#### Exercise directions
Can you copy out the data exactly? Leave the images out.

#### Exercise data
--- --- ---
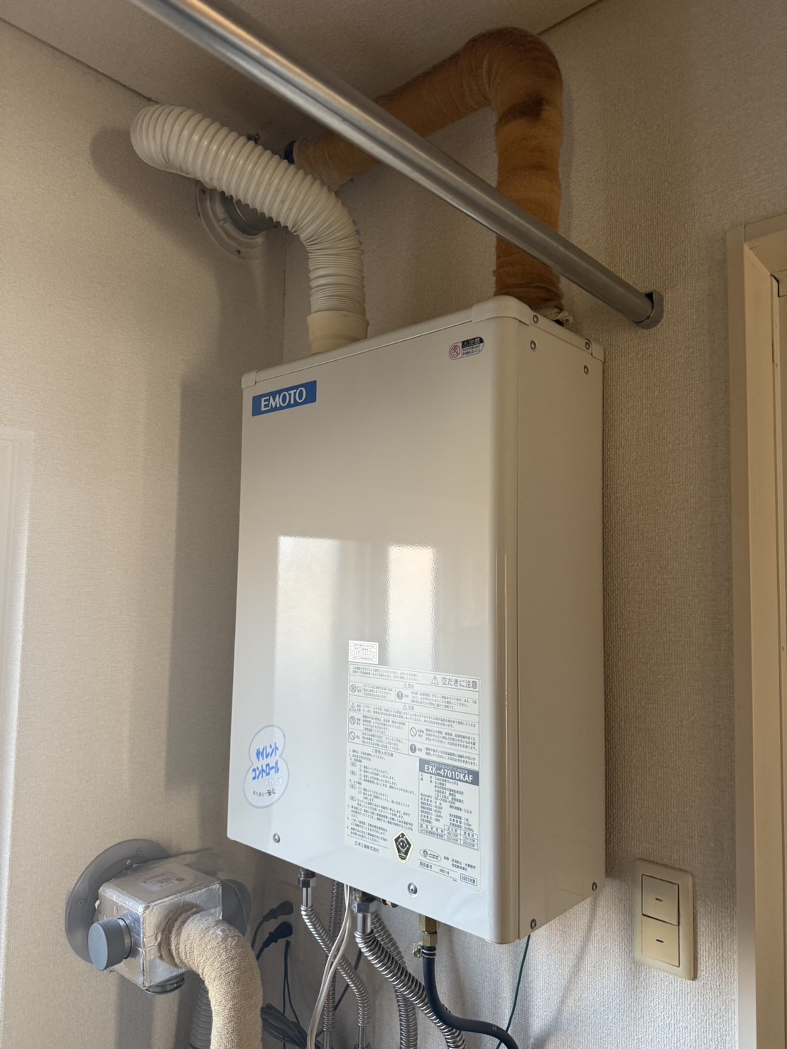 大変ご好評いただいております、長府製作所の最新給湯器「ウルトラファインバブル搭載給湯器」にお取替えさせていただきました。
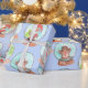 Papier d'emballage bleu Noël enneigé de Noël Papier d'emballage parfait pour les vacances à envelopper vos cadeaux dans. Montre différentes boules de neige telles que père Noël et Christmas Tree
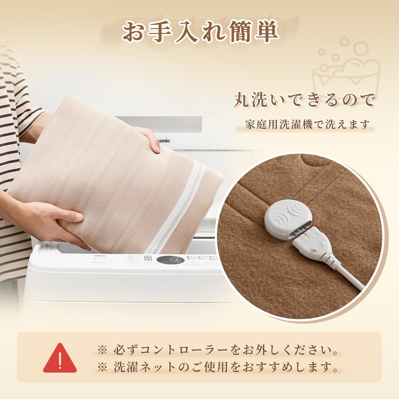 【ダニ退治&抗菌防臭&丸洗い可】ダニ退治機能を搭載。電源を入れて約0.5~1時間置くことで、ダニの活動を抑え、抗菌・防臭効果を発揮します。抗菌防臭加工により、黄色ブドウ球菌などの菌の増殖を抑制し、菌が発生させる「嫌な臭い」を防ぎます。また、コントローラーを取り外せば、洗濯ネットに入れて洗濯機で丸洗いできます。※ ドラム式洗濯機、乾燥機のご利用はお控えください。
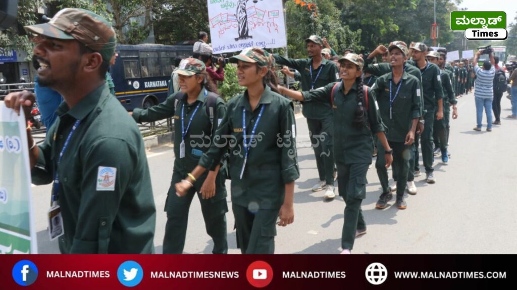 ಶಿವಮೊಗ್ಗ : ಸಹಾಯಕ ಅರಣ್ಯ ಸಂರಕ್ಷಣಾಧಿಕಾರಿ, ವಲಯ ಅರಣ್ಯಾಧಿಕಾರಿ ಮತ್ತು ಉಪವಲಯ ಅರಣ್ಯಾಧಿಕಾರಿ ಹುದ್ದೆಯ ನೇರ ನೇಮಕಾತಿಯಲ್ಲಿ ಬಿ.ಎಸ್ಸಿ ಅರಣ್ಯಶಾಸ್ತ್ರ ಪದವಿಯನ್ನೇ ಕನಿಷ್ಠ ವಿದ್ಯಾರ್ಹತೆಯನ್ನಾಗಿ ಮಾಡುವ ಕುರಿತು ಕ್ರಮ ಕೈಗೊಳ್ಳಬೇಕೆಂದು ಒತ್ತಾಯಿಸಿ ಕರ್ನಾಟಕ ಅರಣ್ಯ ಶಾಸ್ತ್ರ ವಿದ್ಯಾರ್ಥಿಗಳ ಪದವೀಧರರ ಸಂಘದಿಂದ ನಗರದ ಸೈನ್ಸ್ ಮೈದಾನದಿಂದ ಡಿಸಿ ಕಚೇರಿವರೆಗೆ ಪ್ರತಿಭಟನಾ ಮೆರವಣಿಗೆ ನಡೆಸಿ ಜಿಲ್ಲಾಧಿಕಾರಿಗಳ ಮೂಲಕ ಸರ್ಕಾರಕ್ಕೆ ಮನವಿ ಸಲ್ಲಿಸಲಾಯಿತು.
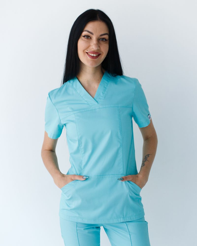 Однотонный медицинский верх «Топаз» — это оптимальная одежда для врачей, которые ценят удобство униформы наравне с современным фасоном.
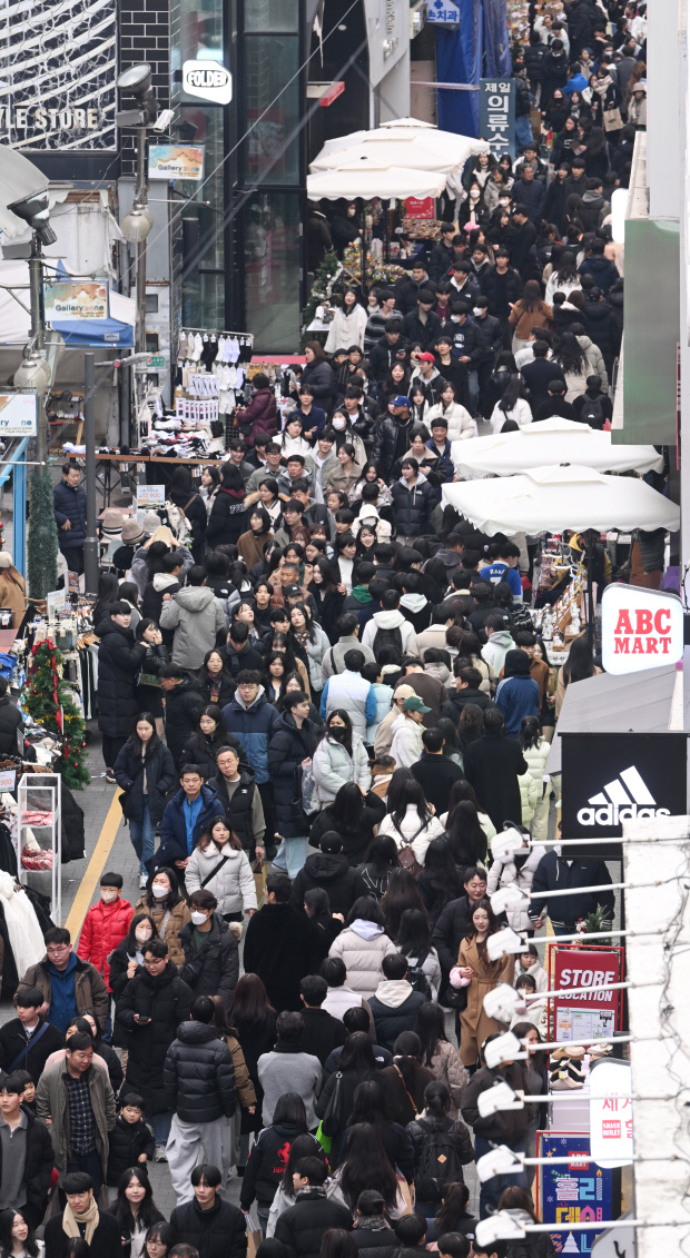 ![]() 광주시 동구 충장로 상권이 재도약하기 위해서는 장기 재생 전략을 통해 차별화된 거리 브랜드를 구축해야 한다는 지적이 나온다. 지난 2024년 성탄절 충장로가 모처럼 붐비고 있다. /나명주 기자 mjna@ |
--- --- ---
#### Expected answer
 大変ご好評いただいております、長府製作所の最新給湯器「ウルトラファインバブル搭載給湯器」にお取替えさせていただきました。
 Papier d'emballage bleu Noël enneigé de Noël Papier d'emballage parfait pour les vacances à envelopper vos cadeaux dans. Montre différentes boules de neige telles que père Noël et Christmas Tree
 【ダニ退治&抗菌防臭&丸洗い可】ダニ退治機能を搭載。電源を入れて約0.5~1時間置くことで、ダニの活動を抑え、抗菌・防臭効果を発揮します。抗菌防臭加工により、黄色ブドウ球菌などの菌の増殖を抑制し、菌が発生させる「嫌な臭い」を防ぎます。また、コントローラーを取り外せば、洗濯ネットに入れて洗濯機で丸洗いできます。※ ドラム式洗濯機、乾燥機のご利用はお控えください。
 ಶಿವಮೊಗ್ಗ : ಸಹಾಯಕ ಅರಣ್ಯ ಸಂರಕ್ಷಣಾಧಿಕಾರಿ, ವಲಯ ಅರಣ್ಯಾಧಿಕಾರಿ ಮತ್ತು ಉಪವಲಯ ಅರಣ್ಯಾಧಿಕಾರಿ ಹುದ್ದೆಯ ನೇರ ನೇಮಕಾತಿಯಲ್ಲಿ ಬಿ.ಎಸ್ಸಿ ಅರಣ್ಯಶಾಸ್ತ್ರ ಪದವಿಯನ್ನೇ ಕನಿಷ್ಠ ವಿದ್ಯಾರ್ಹತೆಯನ್ನಾಗಿ ಮಾಡುವ ಕುರಿತು ಕ್ರಮ ಕೈಗೊಳ್ಳಬೇಕೆಂದು ಒತ್ತಾಯಿಸಿ ಕರ್ನಾಟಕ ಅರಣ್ಯ ಶಾಸ್ತ್ರ ವಿದ್ಯಾರ್ಥಿಗಳ ಪದವೀಧರರ ಸಂಘದಿಂದ ನಗರದ ಸೈನ್ಸ್ ಮೈದಾನದಿಂದ ಡಿಸಿ ಕಚೇರಿವರೆಗೆ ಪ್ರತಿಭಟನಾ ಮೆರವಣಿಗೆ ನಡೆಸಿ ಜಿಲ್ಲಾಧಿಕಾರಿಗಳ ಮೂಲಕ ಸರ್ಕಾರಕ್ಕೆ ಮನವಿ ಸಲ್ಲಿಸಲಾಯಿತು.
 Однотонный медицинский верх «Топаз» — это оптимальная одежда для врачей, которые ценят удобство униформы наравне с современным фасоном.
 ![]() 광주시 동구 충장로 상권이 재도약하기 위해서는 장기 재생 전략을 통해 차별화된 거리 브랜드를 구축해야 한다는 지적이 나온다. 지난 2024년 성탄절 충장로가 모처럼 붐비고 있다. /나명주 기자 mjna@ |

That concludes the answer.